Recorded data:
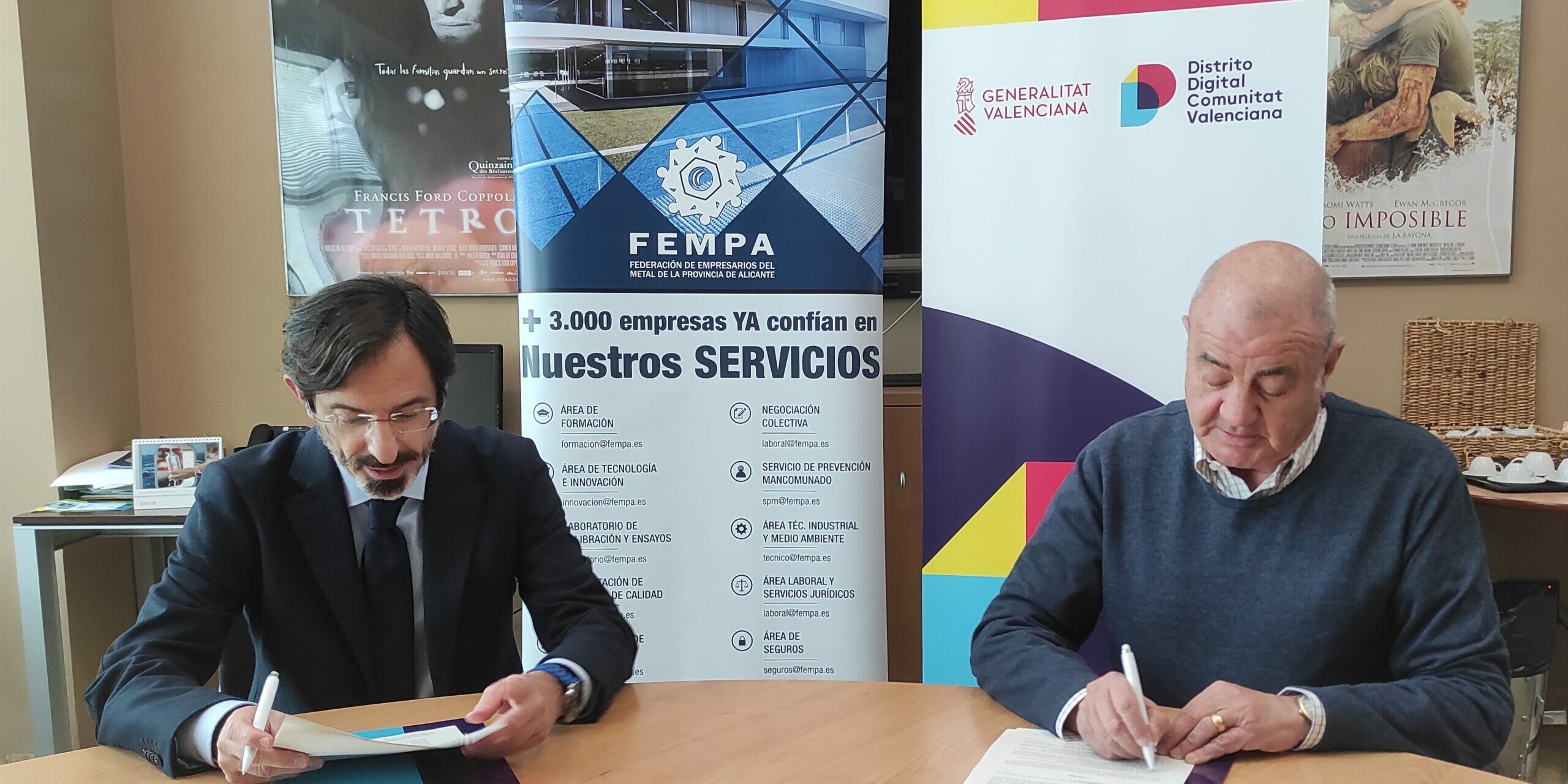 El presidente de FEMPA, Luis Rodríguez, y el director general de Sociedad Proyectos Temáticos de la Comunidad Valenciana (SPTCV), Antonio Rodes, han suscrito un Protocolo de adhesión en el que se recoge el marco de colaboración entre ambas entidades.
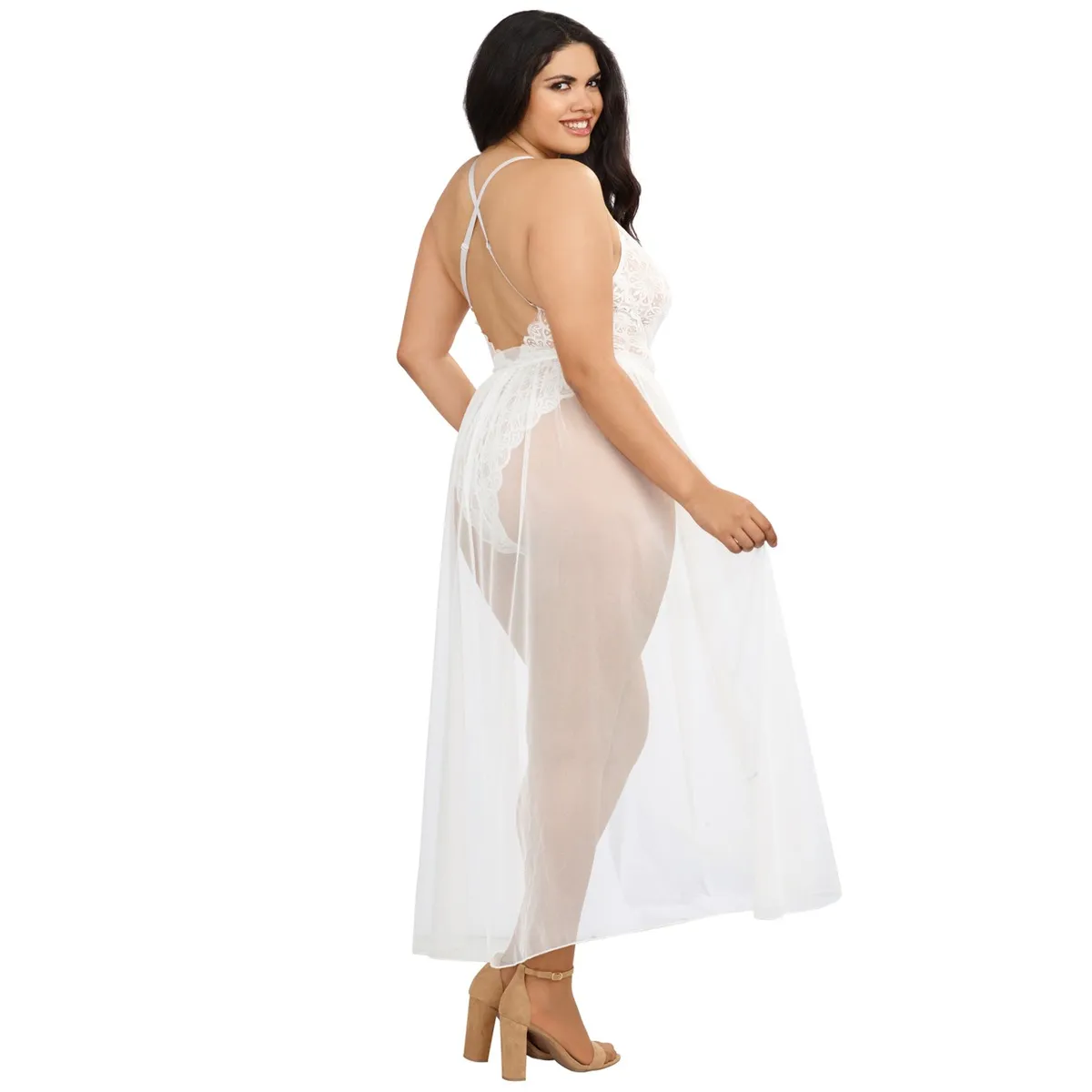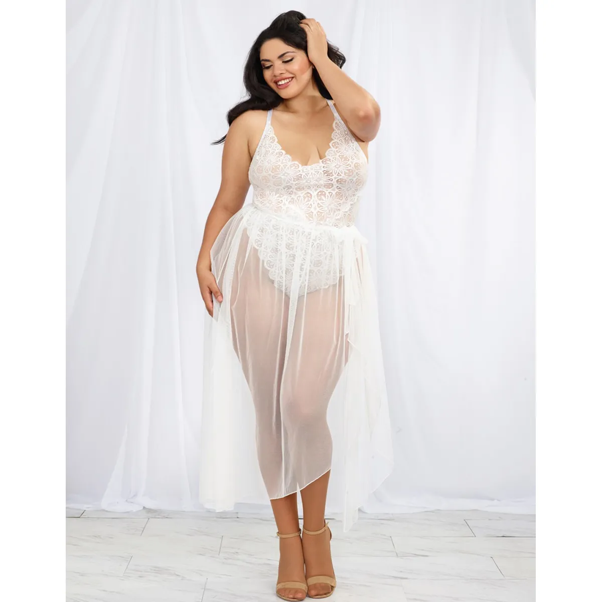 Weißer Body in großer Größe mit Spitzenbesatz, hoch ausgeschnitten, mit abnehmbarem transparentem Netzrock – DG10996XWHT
---
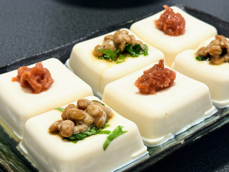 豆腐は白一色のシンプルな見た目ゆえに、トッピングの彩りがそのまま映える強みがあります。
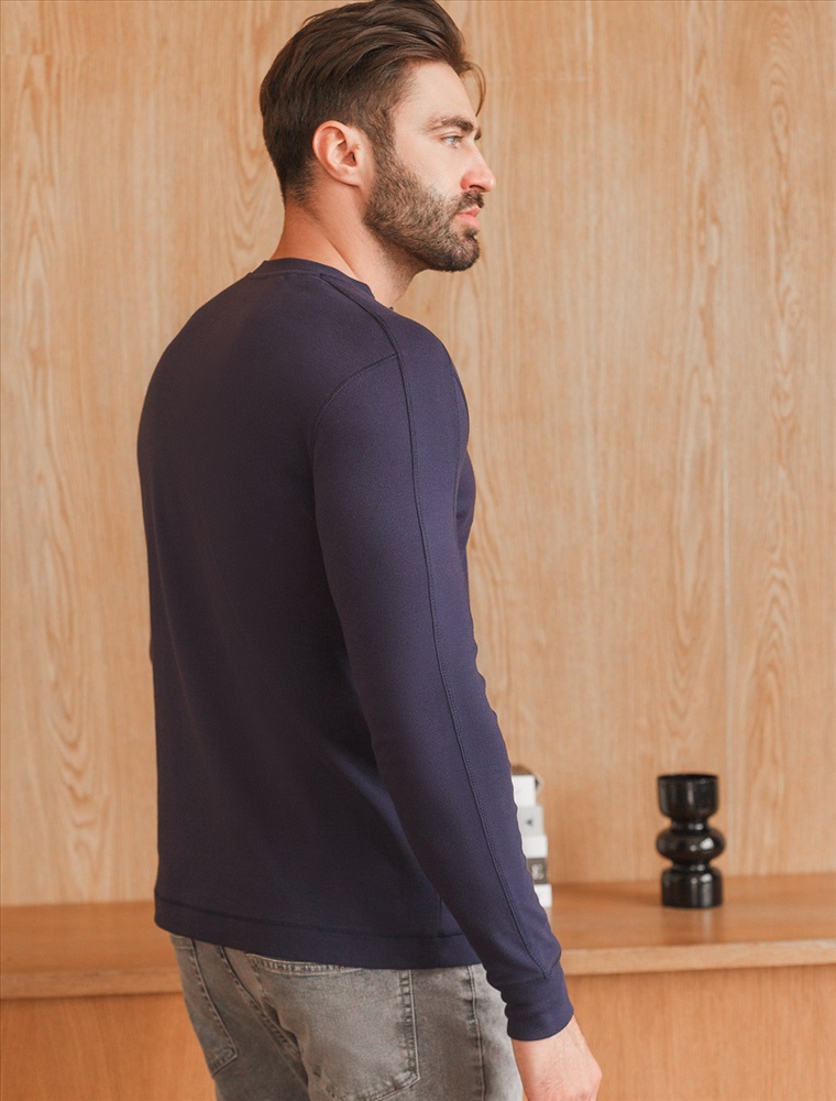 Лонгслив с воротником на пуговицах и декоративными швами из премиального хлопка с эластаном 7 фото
...
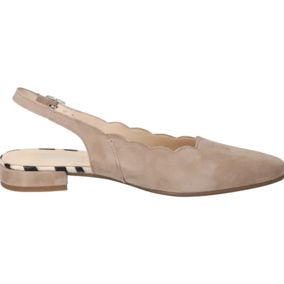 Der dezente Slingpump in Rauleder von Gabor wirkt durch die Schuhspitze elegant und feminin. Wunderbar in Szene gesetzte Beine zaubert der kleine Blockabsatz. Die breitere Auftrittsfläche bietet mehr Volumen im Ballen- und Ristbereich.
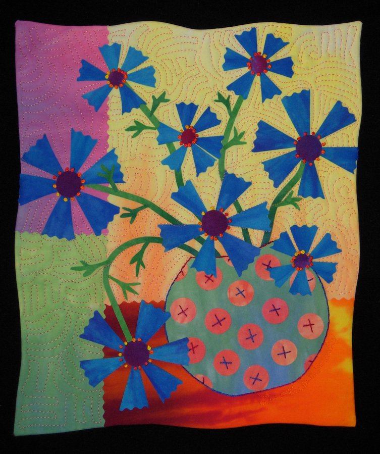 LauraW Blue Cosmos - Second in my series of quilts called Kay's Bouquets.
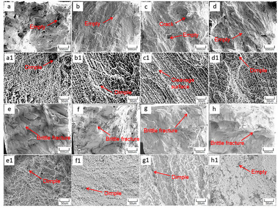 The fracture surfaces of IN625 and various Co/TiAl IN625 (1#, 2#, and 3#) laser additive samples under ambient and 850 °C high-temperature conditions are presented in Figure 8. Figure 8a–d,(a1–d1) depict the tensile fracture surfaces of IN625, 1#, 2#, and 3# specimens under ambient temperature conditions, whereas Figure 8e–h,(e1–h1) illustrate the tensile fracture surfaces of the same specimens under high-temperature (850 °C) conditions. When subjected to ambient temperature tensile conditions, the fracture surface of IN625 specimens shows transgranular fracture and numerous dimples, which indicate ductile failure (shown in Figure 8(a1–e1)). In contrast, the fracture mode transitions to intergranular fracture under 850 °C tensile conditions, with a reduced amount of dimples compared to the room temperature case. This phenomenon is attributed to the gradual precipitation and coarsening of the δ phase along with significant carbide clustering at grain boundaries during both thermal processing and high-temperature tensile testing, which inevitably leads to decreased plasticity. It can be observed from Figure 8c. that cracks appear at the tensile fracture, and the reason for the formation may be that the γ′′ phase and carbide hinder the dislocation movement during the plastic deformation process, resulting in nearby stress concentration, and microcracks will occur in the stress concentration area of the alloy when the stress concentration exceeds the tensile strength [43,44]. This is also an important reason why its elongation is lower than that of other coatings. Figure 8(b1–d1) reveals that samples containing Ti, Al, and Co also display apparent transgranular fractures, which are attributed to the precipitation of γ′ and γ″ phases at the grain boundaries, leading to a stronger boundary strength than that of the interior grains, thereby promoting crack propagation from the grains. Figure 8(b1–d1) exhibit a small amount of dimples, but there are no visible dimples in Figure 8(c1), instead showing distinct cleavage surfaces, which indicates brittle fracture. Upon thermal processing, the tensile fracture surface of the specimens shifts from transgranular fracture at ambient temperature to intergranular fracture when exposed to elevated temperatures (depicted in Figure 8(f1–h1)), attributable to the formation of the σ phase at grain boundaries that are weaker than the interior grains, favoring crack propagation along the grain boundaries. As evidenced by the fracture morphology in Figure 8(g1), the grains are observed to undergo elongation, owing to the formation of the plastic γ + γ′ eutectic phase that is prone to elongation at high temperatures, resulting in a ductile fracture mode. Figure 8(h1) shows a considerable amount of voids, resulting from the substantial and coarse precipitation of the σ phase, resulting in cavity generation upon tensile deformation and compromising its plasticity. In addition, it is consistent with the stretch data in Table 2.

Exercise objective:
Output only the lines above from the one containing "豆腐は白一色のシンプルな見た" to the one containing "Лонгслив с воротником", both included, exactly as written and with no pictures.

Exercise response:
 豆腐は白一色のシンプルな見た目ゆえに、トッピングの彩りがそのまま映える強みがあります。
 Лонгслив с воротником на пуговицах и декоративными швами из премиального хлопка с эластаном 7 фото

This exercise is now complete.